The key words "MUST", "MUST NOT", "REQUIRED", "SHALL", "SHALL NOT", "SHOULD", "SHOULD NOT", "RECOMMENDED", "NOT RECOMMENDED", "MAY", and "OPTIONAL" in this document are to be interpreted as described in BCP 14 [RFC2119] [RFC8174] when, and only when, they appear in all capitals, as shown here.

本文件中的关键词“必须”、“不得”、“必需”、“应”、“不应”、“建议”、“不建议”、“可”和“可选”在所有大写字母出现时(如图所示)应按照BCP 14[RFC2119][RFC8174]所述进行解释。

The following terms are used in this document and are defined as follows:

本文件中使用了以下术语,其定义如下:

sojourn time: the amount of time a packet has spent in a particular buffer, i.e., the time a packet departs the buffer minus the time the packet arrived at the buffer. A packet can depart a buffer via transmission or drop.

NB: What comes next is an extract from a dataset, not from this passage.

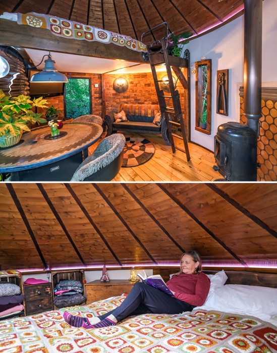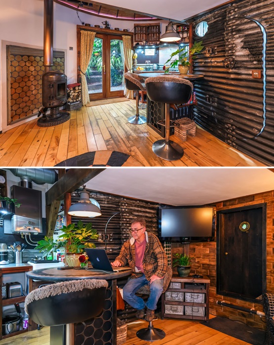 Это лишь малая толика неожиданных преобразований, хотя каждая даже самая маленькая деталь была изготовлена с выдумкой и любовью каждого участника проекта. Кэрол также вносила свою лепту в преобразования, подбирая и подготавливая старые доски к отделочному процессу, очищая стальные элементы от ржавчины, участвуя в разработке дизайна интерьера и т. д. В итоге и творческой пары получился уютный домик, в котором они обитают уже вот уже 6 лет, наслаждаясь красотой окружающей растительности и пением птиц, как и мечтала спутница Боба.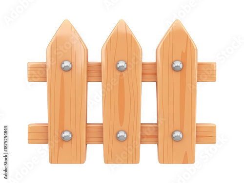 Section of a light brown wooden picket fence with metal bolts, isolated on a transparent background for boundaries and security themes

逗留时间:数据包在特定缓冲区内的时间量,即数据包离开缓冲区的时间减去数据包到达缓冲区的时间。数据包可以通过传输或丢弃离开缓冲区。

standing queue: a queue (in packets, bytes, or time delay) in a buffer that persists for a "long" time, where "long" is on the order of the longer round-trip times through the buffer, as discussed in Section 4.2. A standing queue occurs when the minimum queue over the "long" time is non-zero and is usually tolerable and even desirable as long as it does not exceed some target delay.

站立队列:缓冲区中持续“长”时间的队列(以数据包、字节或时间延迟为单位),其中“长”是指通过缓冲区的较长往返时间,如第4.2节所述。当“长”时间内的最小队列为非零且通常是可容忍的,甚至是理想的,只要它不超过某个目标延迟,就会出现站立队列。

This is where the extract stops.